What this task involves: From the entries below, print exactly the span beginning with the line holding "为庆祝辽宁师范大学建校七十周" and ending with the line holding "O projeto Conexão", endpoints included, and skip any pictures.

Records for the exercise:
=== Section Start ===

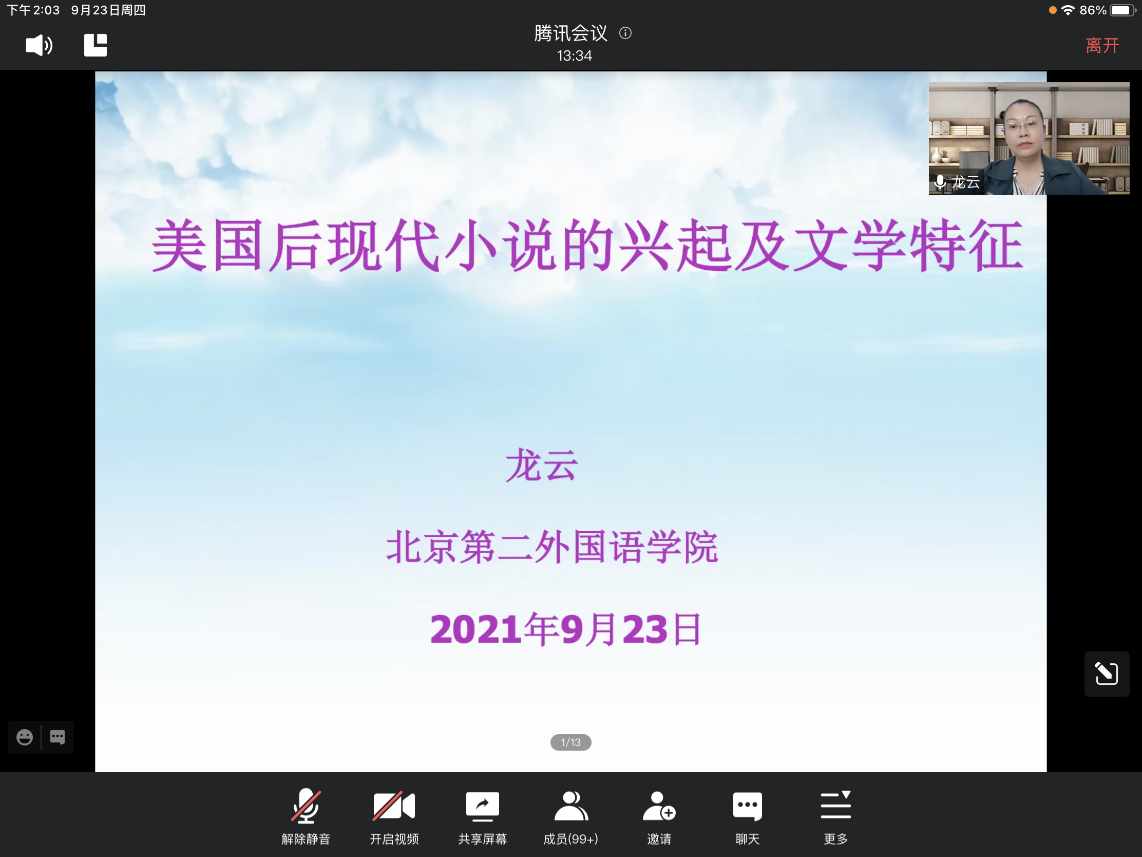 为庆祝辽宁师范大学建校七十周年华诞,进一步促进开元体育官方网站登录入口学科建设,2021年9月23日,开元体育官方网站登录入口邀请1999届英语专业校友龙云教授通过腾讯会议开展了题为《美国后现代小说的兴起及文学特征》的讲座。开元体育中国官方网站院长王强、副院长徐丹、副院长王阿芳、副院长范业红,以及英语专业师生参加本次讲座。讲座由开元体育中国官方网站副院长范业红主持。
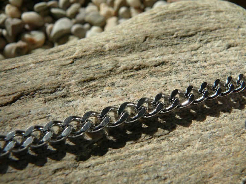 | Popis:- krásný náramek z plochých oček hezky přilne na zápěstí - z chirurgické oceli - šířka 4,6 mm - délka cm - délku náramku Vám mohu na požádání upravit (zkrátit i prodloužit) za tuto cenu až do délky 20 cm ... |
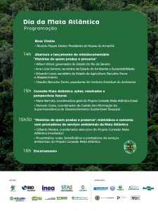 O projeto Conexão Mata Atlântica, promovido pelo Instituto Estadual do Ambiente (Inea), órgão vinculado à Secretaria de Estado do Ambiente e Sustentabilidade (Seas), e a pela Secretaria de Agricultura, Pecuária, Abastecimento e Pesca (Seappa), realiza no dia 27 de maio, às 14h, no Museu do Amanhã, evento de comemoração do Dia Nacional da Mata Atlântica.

=== Section End ===
=== Section Start ===

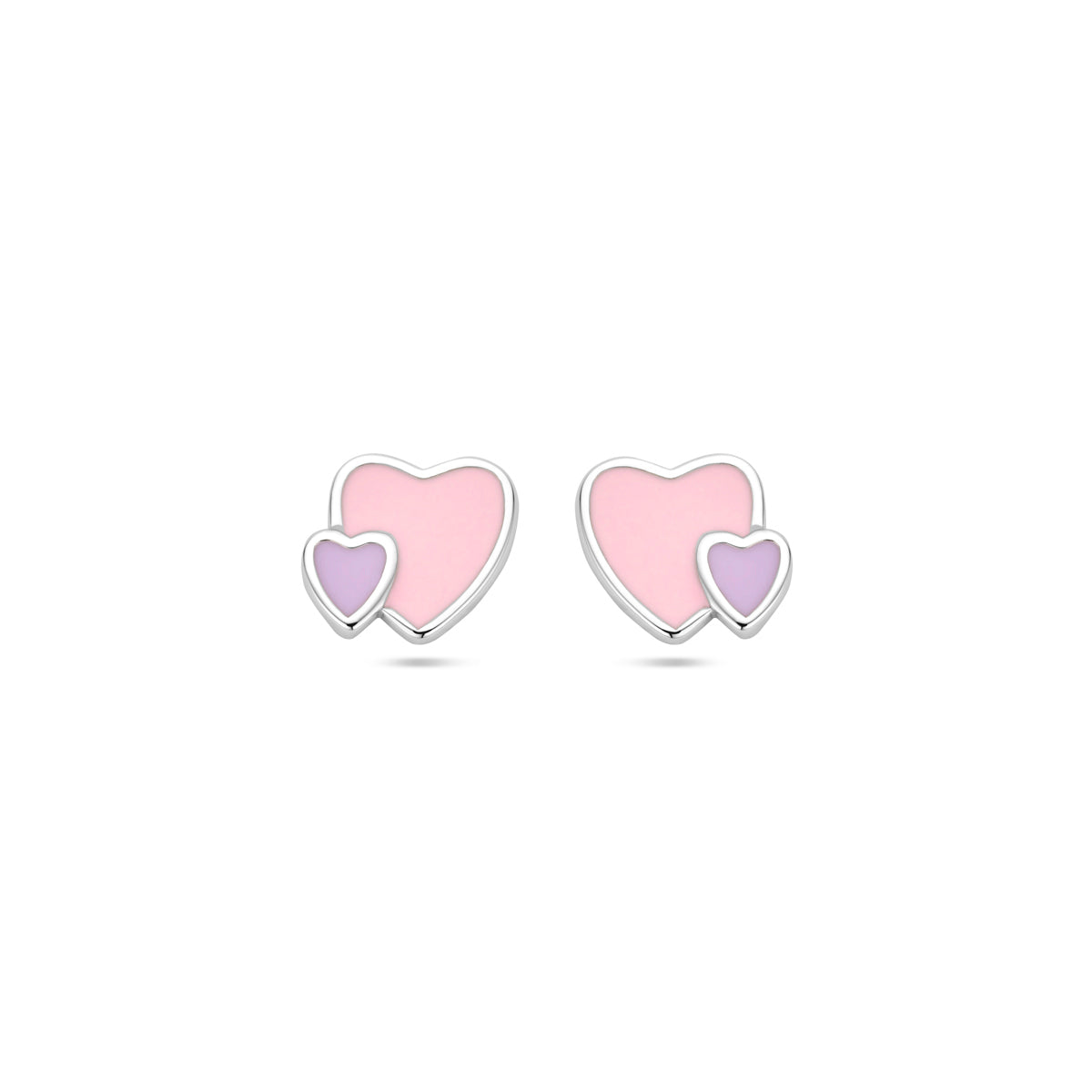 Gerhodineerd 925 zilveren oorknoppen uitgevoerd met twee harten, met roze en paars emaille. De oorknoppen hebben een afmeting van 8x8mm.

=== Section End ===

Expected answer:
 为庆祝辽宁师范大学建校七十周年华诞,进一步促进开元体育官方网站登录入口学科建设,2021年9月23日,开元体育官方网站登录入口邀请1999届英语专业校友龙云教授通过腾讯会议开展了题为《美国后现代小说的兴起及文学特征》的讲座。开元体育中国官方网站院长王强、副院长徐丹、副院长王阿芳、副院长范业红,以及英语专业师生参加本次讲座。讲座由开元体育中国官方网站副院长范业红主持。
 | Popis:- krásný náramek z plochých oček hezky přilne na zápěstí - z chirurgické oceli - šířka 4,6 mm - délka cm - délku náramku Vám mohu na požádání upravit (zkrátit i prodloužit) za tuto cenu až do délky 20 cm ... |
 O projeto Conexão Mata Atlântica, promovido pelo Instituto Estadual do Ambiente (Inea), órgão vinculado à Secretaria de Estado do Ambiente e Sustentabilidade (Seas), e a pela Secretaria de Agricultura, Pecuária, Abastecimento e Pesca (Seappa), realiza no dia 27 de maio, às 14h, no Museu do Amanhã, evento de comemoração do Dia Nacional da Mata Atlântica.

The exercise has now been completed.